We recommend including a README, or a file with information about your project. GitHub makes it easy to add one at the same time you create your new repository. It also offers other common options such as a license file.
Branching
Branching is the way to work on different versions of a repository at one time. By default your repository has one branch named master which is considered to be the definitive branch.
When you create a branch off of master branch, you’re making a copy, or snapshot, of master branch as it was at that point in time. If someone else made changes to the master branch while you were working on your branch, you could pull in those updates.

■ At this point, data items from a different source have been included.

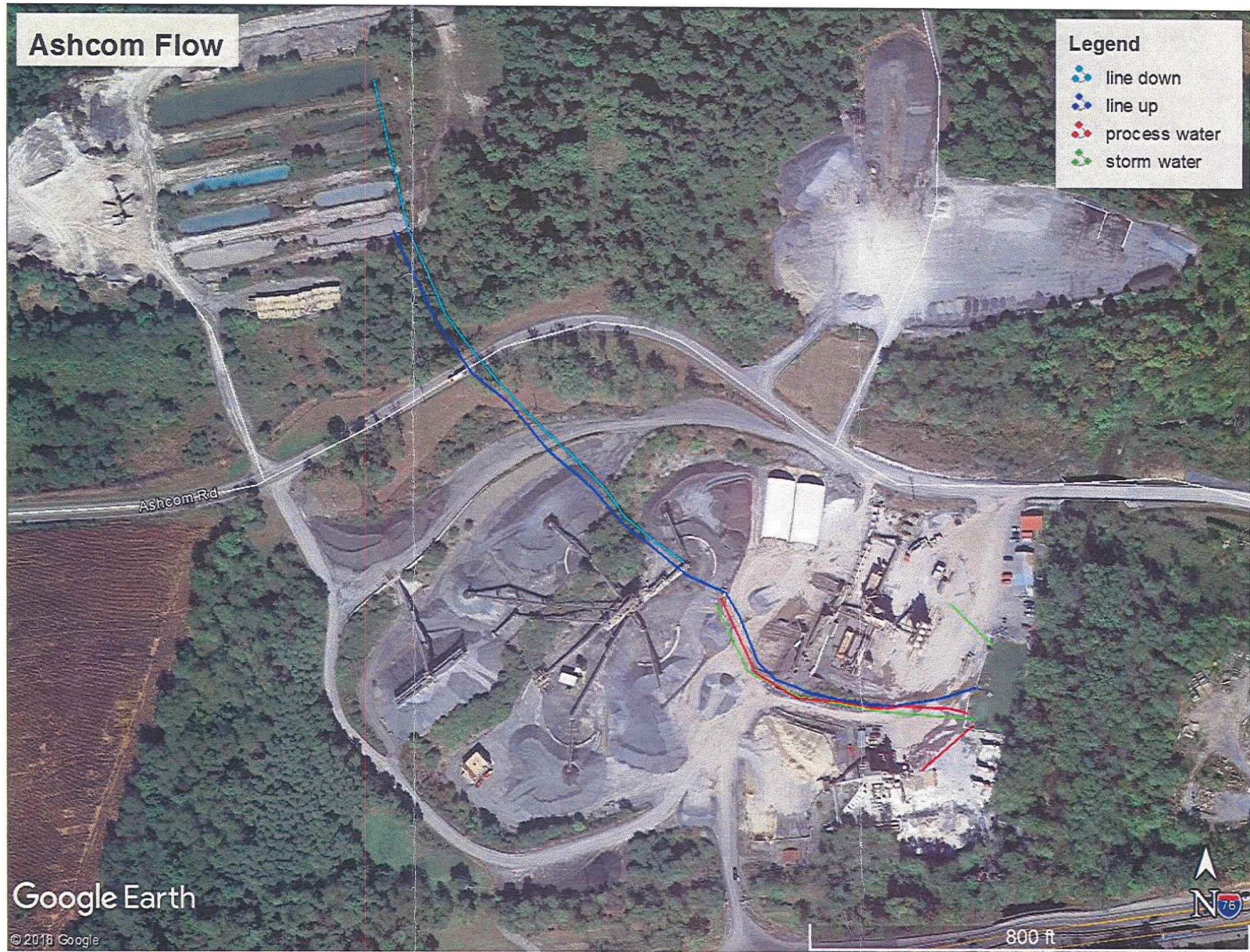
Figure 4. Flow drawing for the stormwater and wastewater that includes upper recycling ponds. Received February 5, 2018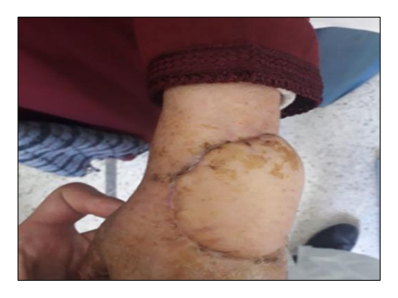
Figure 4 Clinical image of the flap 3 months later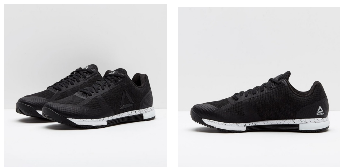
Figure 1: Shoes with flared outsole.

A crucial element of constructing a rehabilitation programme is sound gait analysis. This will largely be observational. Gait analysis consists of observation of the gait, which should occur from all angles. Knowledge of normal gait patterns for the prosthetic and non-prosthetic user is required to help analysis of movement. On observation of the gait the assessor compares the function of the amputee to expected patterns of gait and look for deviations [12]. Analysis of the gait pattern will help determine why these deviations are occurring. This will then help to formulate the rehabilitation programme, which includes correction of the deviations. Outcomes measures can be used to monitor progress [13,14].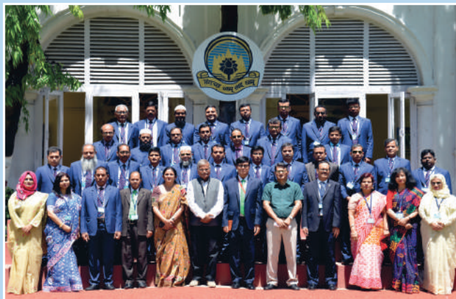
June 19, 2019: Bangladesh civil services officials after completing a course in Bella Vista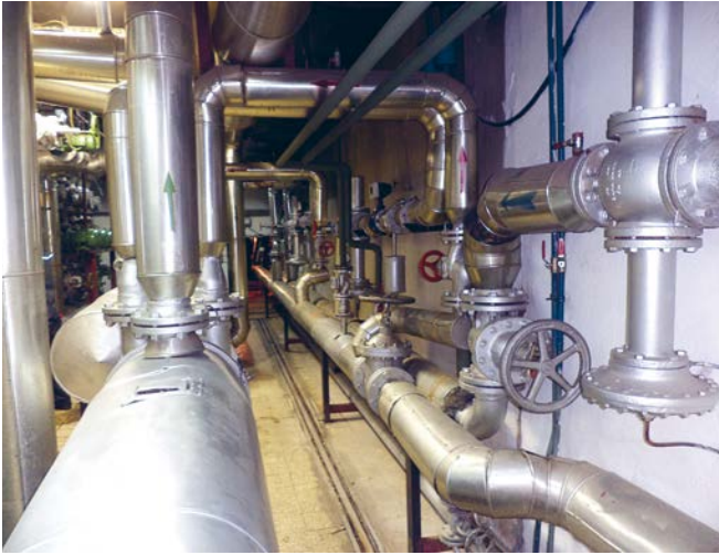
Heating station "SKPC Mejdán" before reconstruction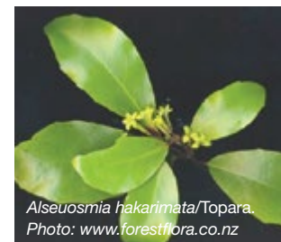
Alseuosmia hakarimata/Topara.

Large rātā and rimu can occasionally be seen along the crest and ridges of the Hakarimata Range, towering over the canopy of tawa, kohekohe, hīnau, rewarewa, mangeao and pukatea. There are also pockets of miro, Hall’s tōtara and tanekaha. The large kauri seen on the Kauri Loop Track is of special interest as kauri of this size (7 m girth) are rare in the Waikato area. The reserve also contains a number of threatened plants including the strongly scented daphne Alseuosmia hakarimata or topara.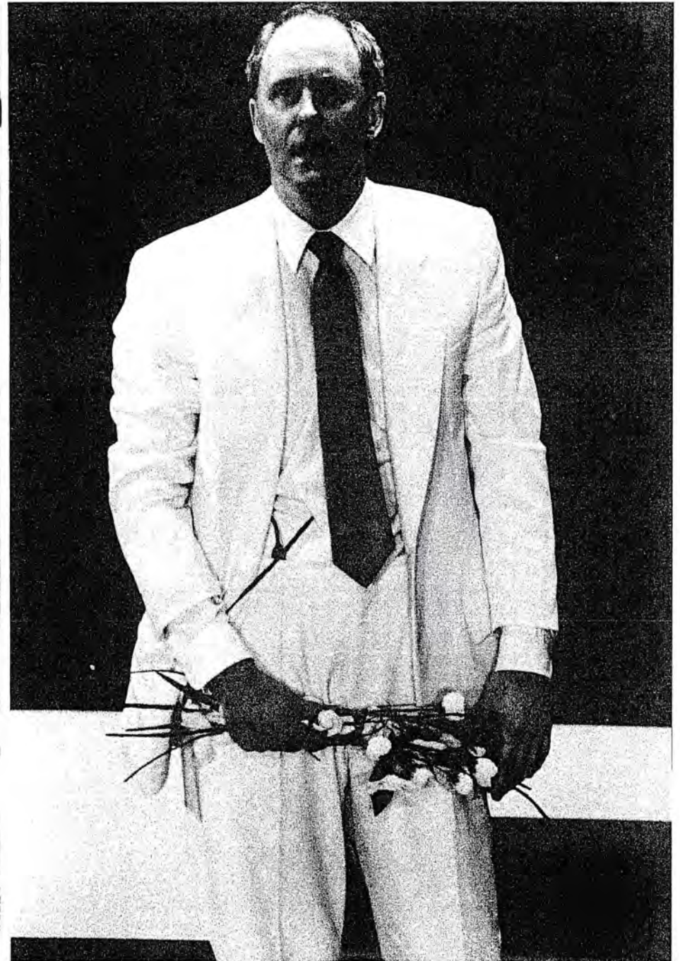
John Lithgow as Rene Gallimard

SONG: If I can't sleep, then yes, I drink. But then, it gives me these dreams which—Rene, it's been almost three weeks since you visited me last.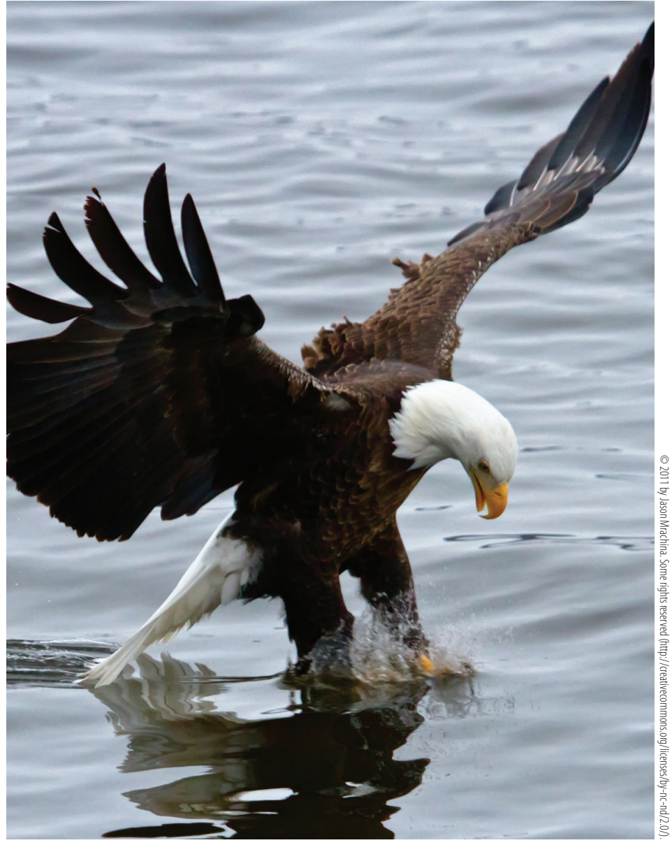
An eagle uses its eyes to find food to eat. It can see the fish.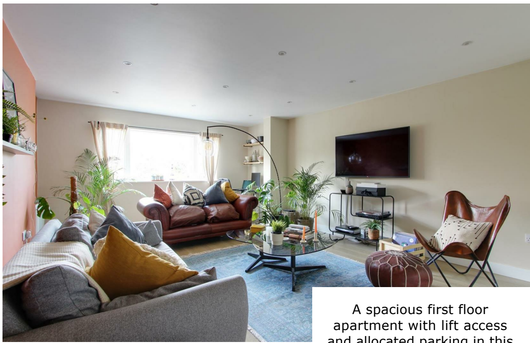
A spacious first floor apartment with lift access and allocated parking in this sought after apartment block close to the town and amenities.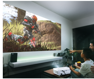
SEAMLESS GAMEPLAY 16ms Latency for Smoother Images

Contact Sales ViewSonic.com 888.881.8781 email: salesinfo@viewsonic.com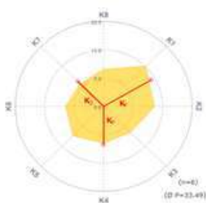
Average profile of teachers in the Mechatronic Profession Main test COMET South Africa 2014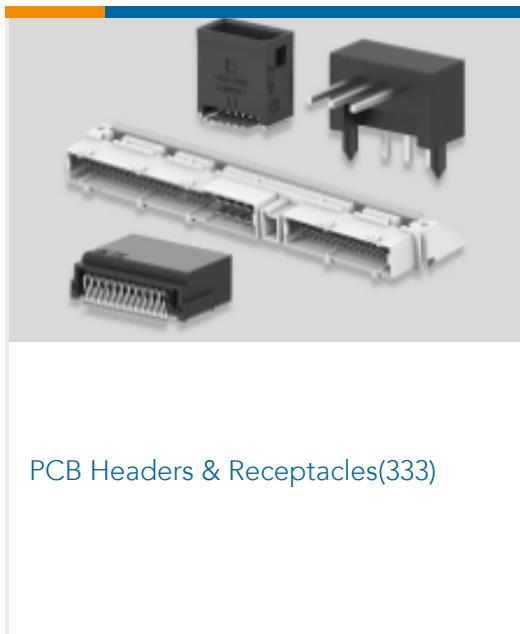
PCB Headers & Receptacles(333)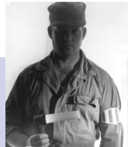
The "Lackland Lasar" made its debut in 1953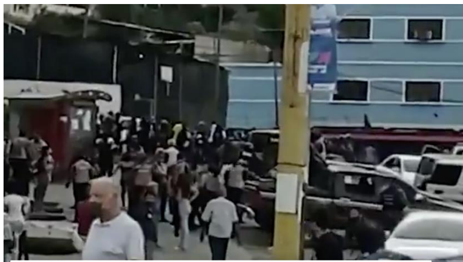
Image 2 – Police presence. Venezuelan police and their vehicles seen further south by Av. Guzmán Blanco, at the border of the La Vega parish on the morning of Jan 8.

Another video shows police officers in their vehicles on Avenida Guzmán Blanco, on the edge of the La Vega parish.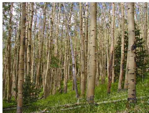
FIGURE 6. NATURAL / WILD ZONE

This is the wildest zone. It protects natural resources and provides opportunities for physical challenge, adventure, and solitude. This zone occurs in wilderness or nonwilderness.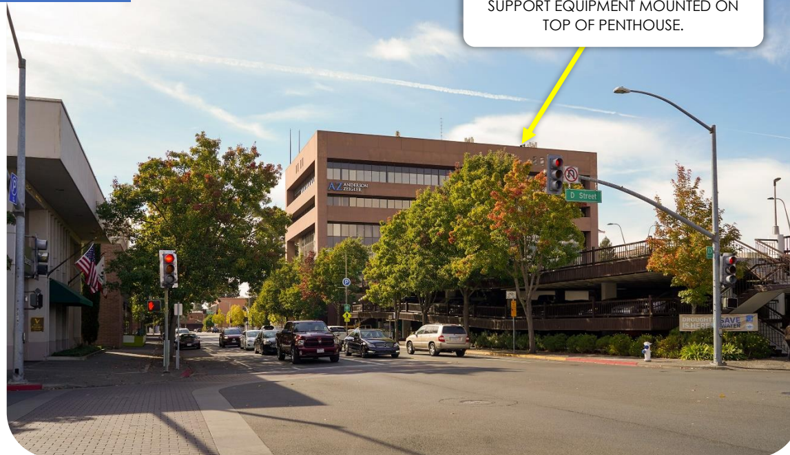
View 2: Looking West along 3 rd St. | Photosim produced 12/09/2021

PROPOSED NEW ANTENNAS AND SUPPORT EQUIPMENT MOUNTED ON TOP OF PENTHOUSE.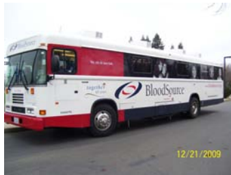
BloodSource bloodmobile located in front of the Sutter County Public Health building... a nice refuge on that rainy Monday!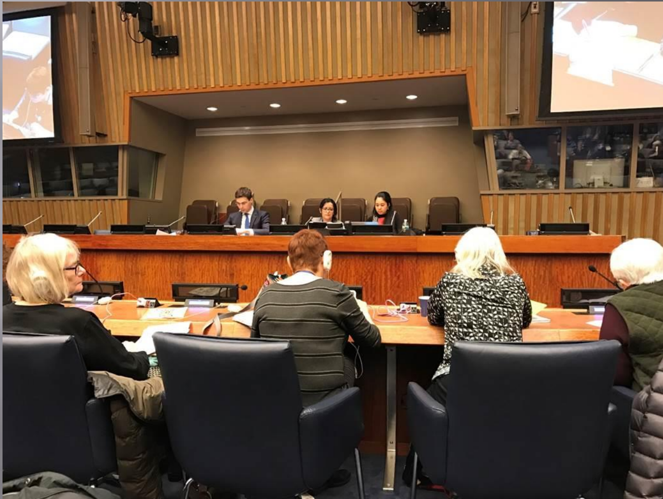
The meeting of CSW61 NGOs to discuss the final document of the event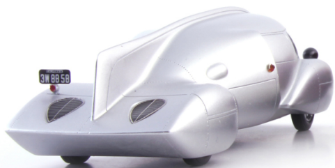
STREAMLINER Hoppe & Streur Norvell Streamliner (USA, 1946) silver 129 mm (scale 1/43) #04038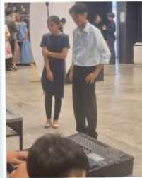
Behind the scenes of the SYF performance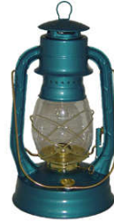
#8 Air Pilot Oil Lantern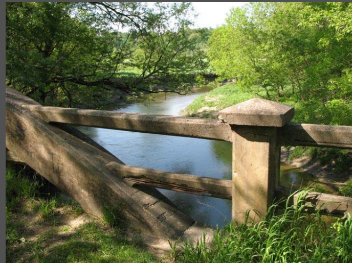
Humber River valley east of Huntington Road, with bowstring bridge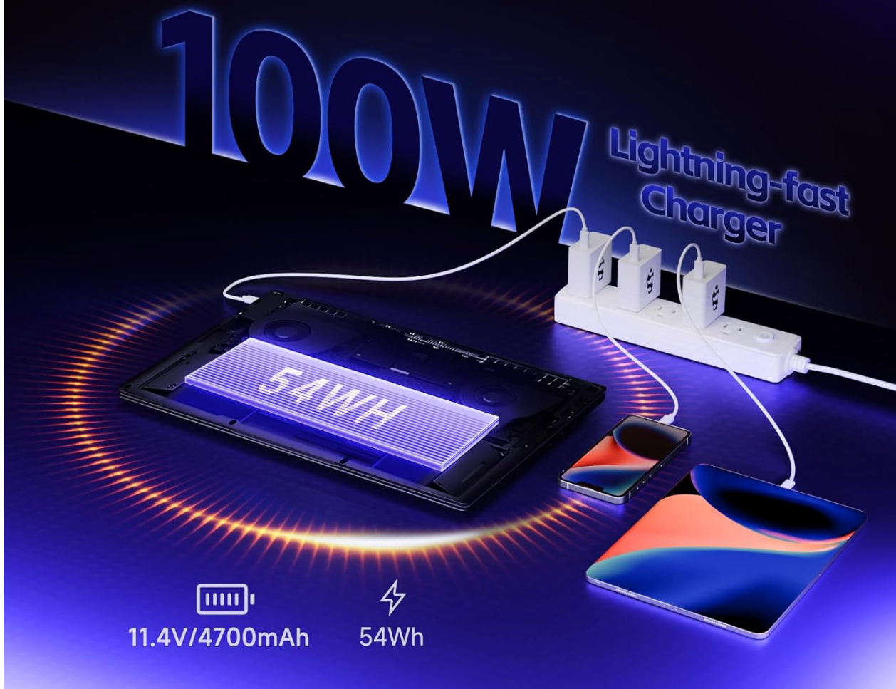
Image: An illustration showing the 100W USB-C PD fast charger connected to the laptop and other devices, highlighting its versatility and quick charging capabilities.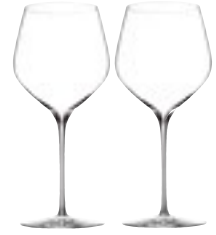
Cabernet Sauvignon Pair 790ml (11cm x 25cm x 11cm) 7061 002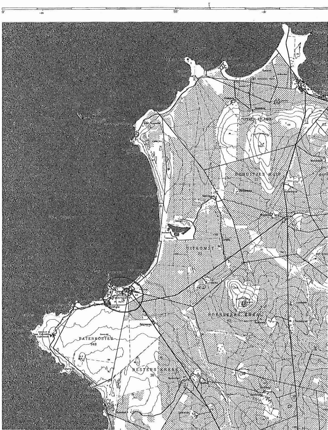
Locality Plan of PNNA shell mound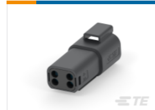
TE Part #1-2600030-0 4CCT BLACK RECEPT W/LARGE SEAL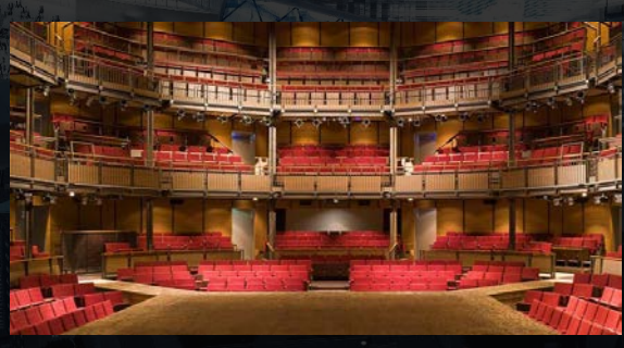
Royal Shakespeare Theatre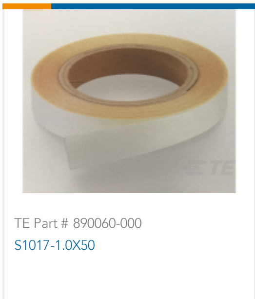
TE Part # 890060-000 S1017-1.0X50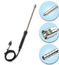
U1181A Immersion temperature probe U1182A Industrial surface temperature probe U1183A Air temperature probe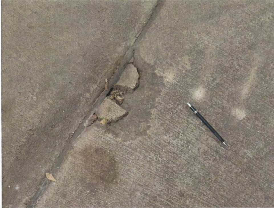
Photo 15 - Example of Spalled Concrete Along Joint Edge in Lower Level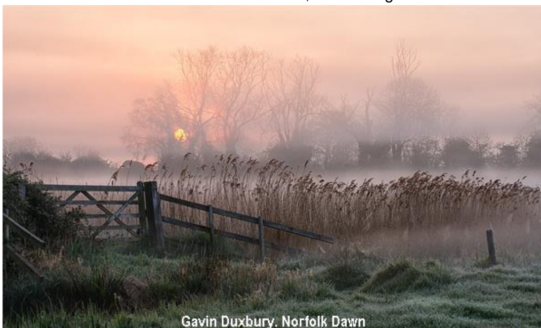
Gavin Duxbury. Norfolk Dawn

One of the successful CPAGB entrants in PDI. More on the two following pages.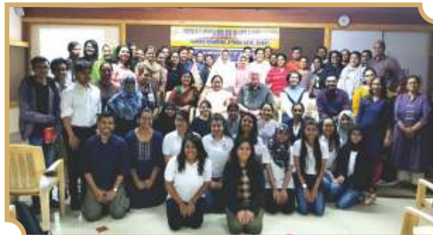
International Workshop on “Combining Mindfulness and CBT”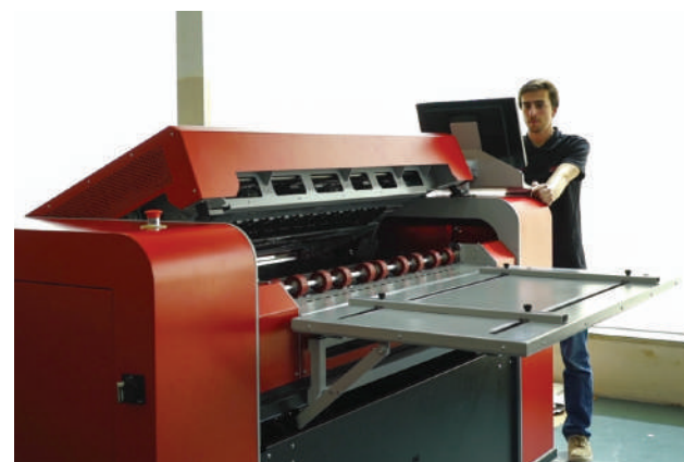
• Automatic lift for easy access & maintenance.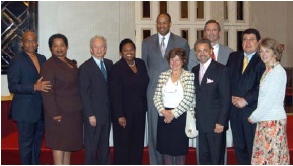
Urban Health Conference CEO group, 2007

Here at GitHub, our developers, writers, and designers use branches for keeping bug fixes and feature work separate from our master (production) branch. When a change is ready, they merge their branch into master.
Commit
On GitHub, saved changes are called commits. Each commit has an associated commit message, which is a description explaining why a particular change was made.
Commit messages capture the history of your changes, so other contributors can understand what you’ve done and why.
Pull Request (Open and Merge a Pull Request)
Pull Requests are the heart of collaboration on GitHub. When you open a pull request, you’re proposing your changes and requesting that someone review and pull in your contribution and merge them into their branch.
Pull requests show diffs, or differences, of the content from both branches. The changes, additions, and subtractions are shown in green and red.
As soon as you make a commit, you can open a pull request and start a discussion, even before the code is finished.
By using GitHub’s @mention system in your pull request message, you can ask for feedback from specific people or teams, whether they’re down the hall or 10 time zones away.
Look over your changes in the diffs on the Compare page to make sure they’re what you want to submit, then create a Pull request. Finally, it’s time to bring your changes together – merging your branch off branch into the master branch.
You can even open pull requests in your own repository and merge them yourself.